Segment Open

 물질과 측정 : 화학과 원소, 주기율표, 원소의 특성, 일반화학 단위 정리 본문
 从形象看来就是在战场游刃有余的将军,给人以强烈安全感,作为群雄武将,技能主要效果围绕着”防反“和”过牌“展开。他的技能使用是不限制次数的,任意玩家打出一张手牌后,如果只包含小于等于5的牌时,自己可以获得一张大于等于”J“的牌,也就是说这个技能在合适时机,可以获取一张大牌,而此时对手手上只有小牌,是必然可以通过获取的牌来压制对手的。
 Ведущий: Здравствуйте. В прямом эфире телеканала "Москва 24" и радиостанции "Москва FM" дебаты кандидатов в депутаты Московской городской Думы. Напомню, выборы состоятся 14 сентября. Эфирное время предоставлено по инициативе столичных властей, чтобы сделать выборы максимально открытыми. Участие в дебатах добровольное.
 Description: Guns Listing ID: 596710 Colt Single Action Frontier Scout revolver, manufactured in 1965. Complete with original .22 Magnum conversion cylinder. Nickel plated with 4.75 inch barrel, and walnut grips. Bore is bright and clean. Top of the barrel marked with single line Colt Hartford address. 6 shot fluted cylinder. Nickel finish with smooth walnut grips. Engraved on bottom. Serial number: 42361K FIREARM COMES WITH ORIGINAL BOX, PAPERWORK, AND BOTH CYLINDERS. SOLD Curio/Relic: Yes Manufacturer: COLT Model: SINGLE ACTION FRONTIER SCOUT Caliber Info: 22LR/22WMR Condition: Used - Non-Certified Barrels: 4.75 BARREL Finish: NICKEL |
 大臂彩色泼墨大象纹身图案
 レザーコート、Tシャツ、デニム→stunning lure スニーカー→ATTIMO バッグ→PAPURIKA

Segment Closed
Segment Open

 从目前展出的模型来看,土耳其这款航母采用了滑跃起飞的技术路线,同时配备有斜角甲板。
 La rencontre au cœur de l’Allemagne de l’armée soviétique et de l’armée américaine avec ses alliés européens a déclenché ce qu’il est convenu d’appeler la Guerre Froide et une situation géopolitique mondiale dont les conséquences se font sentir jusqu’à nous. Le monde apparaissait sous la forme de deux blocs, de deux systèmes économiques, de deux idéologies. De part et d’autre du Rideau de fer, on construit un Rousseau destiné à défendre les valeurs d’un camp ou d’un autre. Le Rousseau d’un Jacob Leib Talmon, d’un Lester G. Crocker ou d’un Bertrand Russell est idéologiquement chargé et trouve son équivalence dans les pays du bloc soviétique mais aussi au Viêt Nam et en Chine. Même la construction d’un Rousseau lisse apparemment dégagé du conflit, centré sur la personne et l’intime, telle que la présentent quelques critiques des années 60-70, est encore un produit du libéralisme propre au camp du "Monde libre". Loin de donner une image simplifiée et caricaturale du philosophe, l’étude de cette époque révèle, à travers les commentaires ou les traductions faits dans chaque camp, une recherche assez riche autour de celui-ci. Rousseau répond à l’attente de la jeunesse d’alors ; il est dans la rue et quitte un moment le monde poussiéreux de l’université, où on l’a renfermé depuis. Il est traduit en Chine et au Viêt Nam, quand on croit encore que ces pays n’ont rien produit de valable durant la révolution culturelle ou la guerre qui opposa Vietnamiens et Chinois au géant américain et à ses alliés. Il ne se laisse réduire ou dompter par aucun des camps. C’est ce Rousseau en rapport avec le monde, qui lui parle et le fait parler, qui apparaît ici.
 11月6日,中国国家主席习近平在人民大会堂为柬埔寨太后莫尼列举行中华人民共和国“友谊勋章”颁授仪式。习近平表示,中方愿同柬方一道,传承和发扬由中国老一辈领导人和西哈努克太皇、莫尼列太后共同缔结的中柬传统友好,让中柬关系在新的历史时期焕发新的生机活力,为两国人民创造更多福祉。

Segment Closed
Segment Open

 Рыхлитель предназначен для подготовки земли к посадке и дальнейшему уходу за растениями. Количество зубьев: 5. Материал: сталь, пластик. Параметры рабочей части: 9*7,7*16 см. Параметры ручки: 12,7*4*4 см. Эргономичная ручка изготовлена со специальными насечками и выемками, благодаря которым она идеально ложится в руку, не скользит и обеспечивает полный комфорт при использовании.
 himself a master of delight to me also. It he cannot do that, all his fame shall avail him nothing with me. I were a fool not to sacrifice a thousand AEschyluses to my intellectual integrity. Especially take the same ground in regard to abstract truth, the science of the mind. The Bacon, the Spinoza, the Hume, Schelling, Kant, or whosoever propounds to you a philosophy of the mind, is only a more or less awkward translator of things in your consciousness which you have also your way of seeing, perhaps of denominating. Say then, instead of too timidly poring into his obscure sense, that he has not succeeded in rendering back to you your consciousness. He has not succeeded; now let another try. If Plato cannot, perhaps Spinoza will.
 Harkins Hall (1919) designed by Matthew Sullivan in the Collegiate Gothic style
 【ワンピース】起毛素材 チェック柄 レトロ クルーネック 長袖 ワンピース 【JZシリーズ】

Segment Closed

DIRECTIONS :: In the listing above, find the line containing "Harkins Hall (1919)" and the line containing "長袖 ワンピース 【JZシリーズ】", then repeat those two lines and everything between them exactly.

OUTPUT FOR THIS EXERCISE ::
 Harkins Hall (1919) designed by Matthew Sullivan in the Collegiate Gothic style
 【ワンピース】起毛素材 チェック柄 レトロ クルーネック 長袖 ワンピース 【JZシリーズ】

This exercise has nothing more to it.